For nearly 90 years, charitably-minded individuals and families have established Donor Advised Funds (DAFs) to help carry out their philanthropic wishes. Popularity of the DAF steadily grew, beginning in the 1990s, eventually resulting in official recognition in the Internal Revenue Code under 2006 tax law updates. Today, over one million DAF accounts hold nearly $160 billion in charitable assets, according to the latest numbers.

The growth of the DAF as a useful charitable giving tool has made this vehicle something of a celebrity. You and your clients no doubt have seen articles about DAFs pop up in mainstream financial publications, as well as in academic journals. A top priority for our team is keeping up with proposed legislation and commentary about charitable giving, including particular vehicles such as DAFs. As you talk with your clients about options for their charitable giving plans, please reach out. We would be happy to share perspectives and ideas that take into consideration current trends and legislative developments. 

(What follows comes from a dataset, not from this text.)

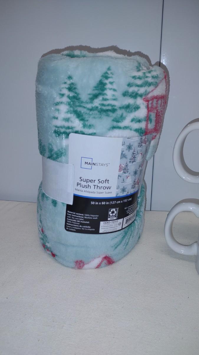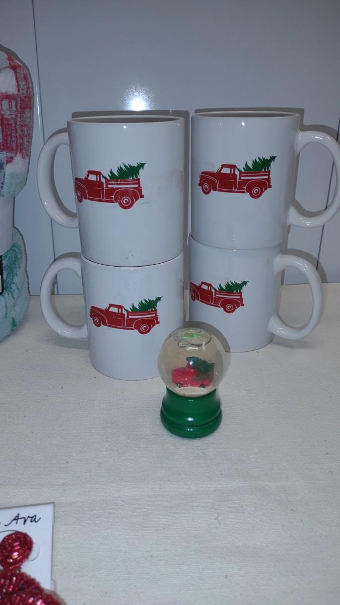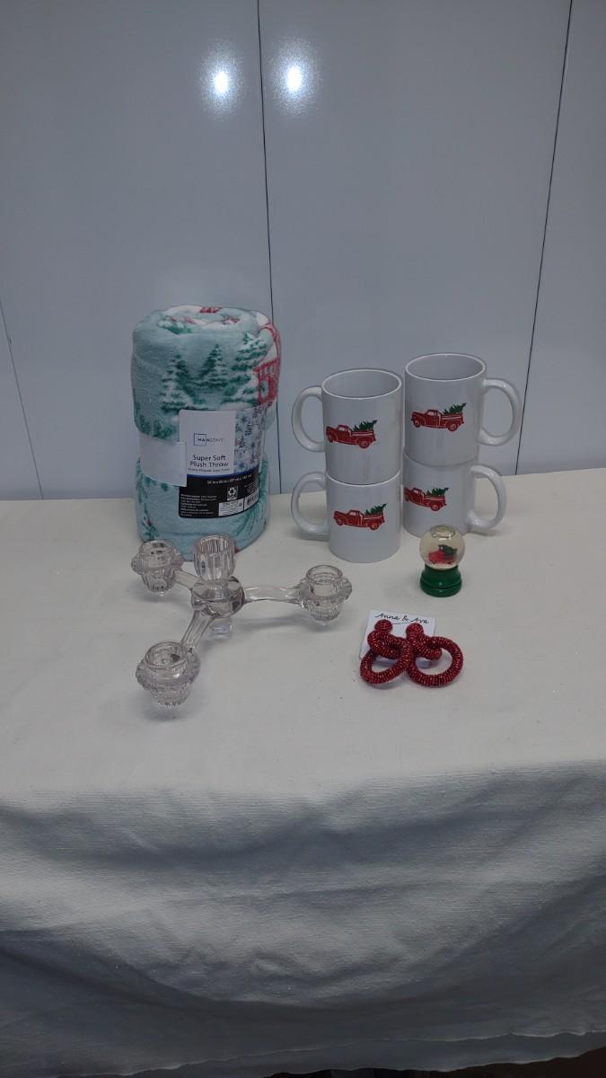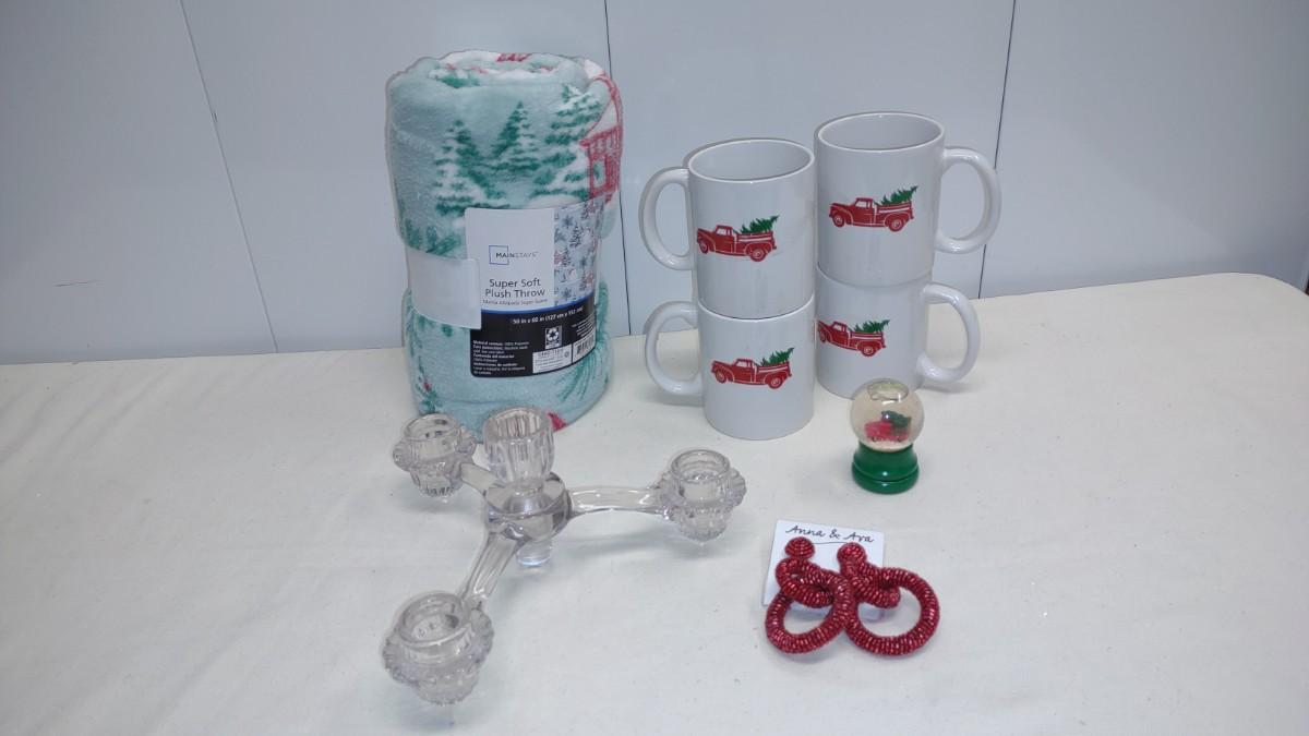 NEW THROW BLANKET, 4 COFFEE MUGS WITH A RED TRUCK AND CHRISTMAS TREE IN THE BACK, A MATCHING MINI SNOW GLOBE, A THREE PRONG ACORN CANDLESTICK HOLDER, AND LASTLY A PAIR OF RED EARRINGS BY ANNA AND AVA

As you’re likely aware, a DAF enables clients to establish a specific account for charitable giving. Your clients make a tax-deductible contribution of cash or other assets to the fund, and then recommends grants to favorite charities during the current year and in future years depending on your clients’ goals and plans.

CFAAC has its finger on the pulse of the community’s most pressing issues. An unrestricted fund provides your clients with an opportunity to support community needs that can’t be identified until the future. One of the biggest benefits of a community foundation is its perpetual structure that allows support to nonprofits to evolve over time as priorities in the county shift. 

Your clients can also set up a field-of-interest fund to target charitable giving to specific areas of community need (such as education, health, environment, or the arts) and to establish parameters for grant making under the ongoing guidance and expertise of the Community Foundation’s staff. Plus, field-of-interest funds can be a wonderful alternative to a scholarship fund and accomplish your clients’ charitable goals even more efficiently and effectively. For our list of field-of-interest funds, click here.

Lastly, your clients may want to contribute to a designated fund that allows them to focus charitable giving on a specific agency or purpose. Over time, CFAAC’s staff manages the distributions from the fund according to the terms the clients establish. For our list of designated funds, click here.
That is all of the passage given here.